• _WHAT YOU NEED TO DO_
In the data below, begin at the line with "For more information" and stop after the line with "Blood samples from"; output those lines exactly and no pictures.

• _RECORD SET_
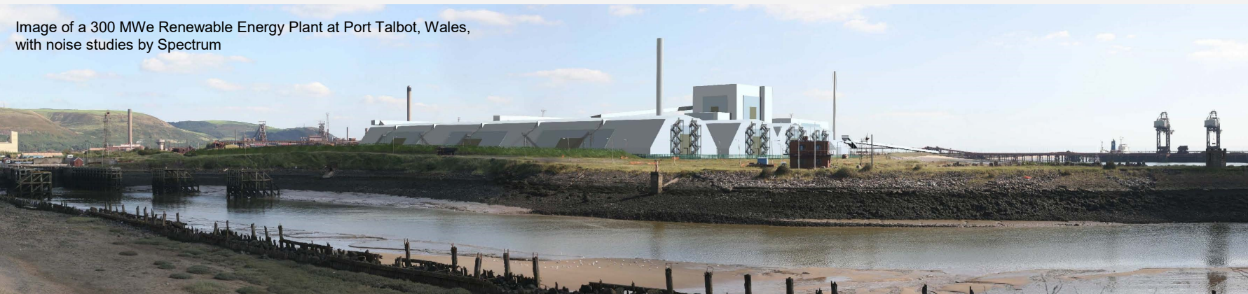
Image of a 300 MWe Renewable Energy Plant at Port Talbot, Wales, with noise studies by Spectrum

For more information or to receive a quote, email us at enquiries@spectrumacoustic.com
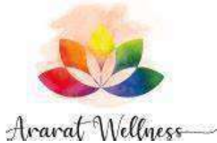
Ararat Wellness Centre
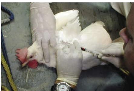
Blood samples from sentinel chickens at 22 monitoring stations around the state are tested weekly for mosquito-borne viruses.

nique for saltmarsh mosquito control is Open Marsh Water Management, which involves digging shallow ponds and small ditches in areas of irregularly-flooded coastal marsh where most saltmarsh mosquitoes are produced. This provides greater access to larval habitats for small native fish, primarily killifish, to consume mosquito larvae. OMWM also reverses some of the damage done to marshes that had been "parallel-grid-ditched" by the Civilian Conservation Corps in the 1930s, and restores or creates better habitat for waterbirds and other estuarine animals. Because OMWM provides mos-
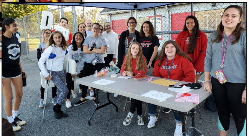
Student Council members work together at the Garter Bowl. (right)

• _WRITTEN REPLY_
For more information or to receive a quote, email us at enquiries@spectrumacoustic.com
Ararat Wellness Centre
Blood samples from sentinel chickens at 22 monitoring stations around the state are tested weekly for mosquito-borne viruses.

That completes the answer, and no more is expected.